I wanted to archive the article in my bookmark library on Delicious, so I
- searched the article title on SMH with no luck
- searched the article title on Google with no luck
- searched the author on SMH with some luck
Now the SMH search is unreliable verging on useless at the best of times but it is usually OK for articles a few days old. Also, I didn’t expect any problems cause I had a pretty accurate search query being the title itself.
It was on the 3rd search of the author name that I recognized a pretty similar article title with pretty similar content.
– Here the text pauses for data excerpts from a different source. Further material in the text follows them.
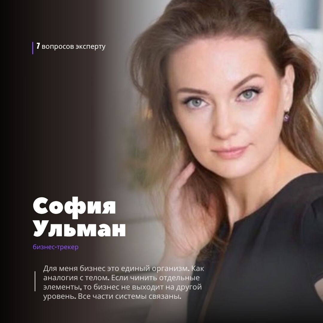 Представьте: компания, которая состояла всего из собственника и ассистента, за несколько месяцев превращается в узнаваемый бренд с несколькими отделами и ростом выручки в 5 раз. Фантастика? Нет, реальный кейс из практики Софии Ульман — человека, который знает, как заставить бизнес работать как швейцарские часы. И сегодня она расскажет, почему формула счастья для бизнеса проще, чем кажется, и почему консалтинг — одна из самых сложных ниш для масштабирования. Каждое воскресенье я приглашаю в блог эксперта ответить на 7 моих вопросов. Сегодня у меня в гостях София Ульман бизнес-трекер с более чем 15-летним опытом в управлении и предпринимательстве, эксперт по масштабированию и систематизации бизнеса, руководитель консалтинговой компании Бизнес-Ателье. 1. София, вы работаете бизнес-трекером с 2018 года в топовых акселераторах. Как изменилось понимание бизнес-процессов за эти годы? Я работаю трекером и в Акселераторах и с коммерческими организациями. За это время сильно изменились требовани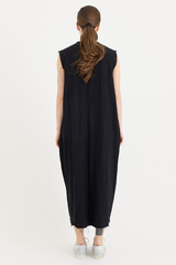 A cotton flannel sleeveless dress by Scha, featuring a subtle balloon cut removable. Designed with a round neckline, two side pockets, and raw-edge finishing. Made from a heavyweight cotton flannel, with the weight of the fabric developing a beautiful shape to it. The dress includes a removable self-tie sash that can be styled as a scarf or belt, offering exceptional versatility. This piece will soften over time and age beautifully with wear, becoming a piece of clothing that will change with you.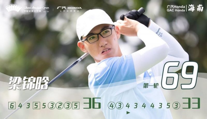 18歲深圳選手梁錦晗單輪抓下6只小鳥吞下3個柏忌,以69桿(-3)領跑男子組,14歲山東選手曾國林70桿(-2)緊隨其后暫居第二;女子組方面,13歲重慶選手彭嚴萱單輪70桿(-2)排在女子組首位,海南本土球員張雋源以71桿(-1)排在單獨第二位。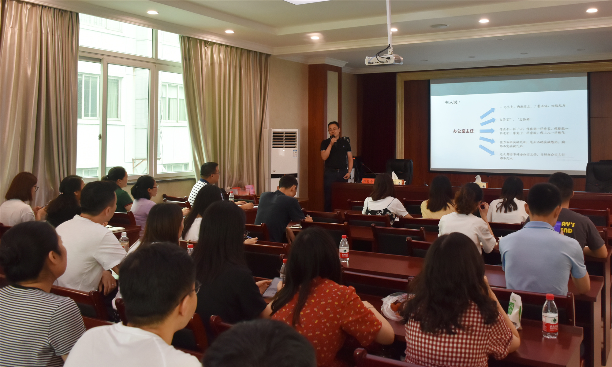 為全面提高院管理水平,切實提升職工業(yè)務素質與綜合服務能力,6月20日,院綜合管理部組織開展“2019年度實體辦公室工作人員、經營人員培訓會”,特邀職業(yè)禮儀師張?zhí)鸷退拇ㄊ⊥艘圮娙耸聞諒d辦公室主任彭思奇授課。黨委書記謝大軍親臨會場,并作動員講話,來自管理部門及二級實體的70余人參加了培訓。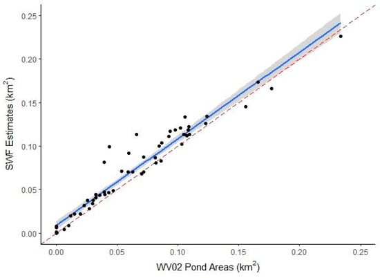 The sum of sub-pixel water fraction pixel values plotted against the sum of the area of manually-delineated waterbodies within 500 m2 plots. The blue line represents the model predictions (SWF estimates ~ WV02 Pond Areas), the grey bar represents the 95% confidence interval, and the dotted red line shows a 1:1 relationship.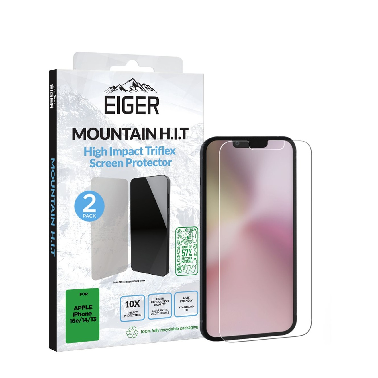 2 x Eiger - iPhone 16e / 14 / 13 Mountain H.I.T High Impact Triflex verre blindé

Surely this is something that other news junkies do? (Print title: “BigPond tips cold water on soft porn”; Online title: “Telstra pulls out of porn market after customer backlash”.)
So this blog post is a plea I guess, from a loyal reader of all formats, who still buys the paper: get your search engine to take all versions of a story into account, when a story appears differently online than it does in print. Think about the fact that readers still experience these different formats as the one entity. And just fix your search engine – unless you are trying to avoid your loyal readers finding the news on your site.
It’s just confusing otherwise, and really it just shouldn’t be such hard work.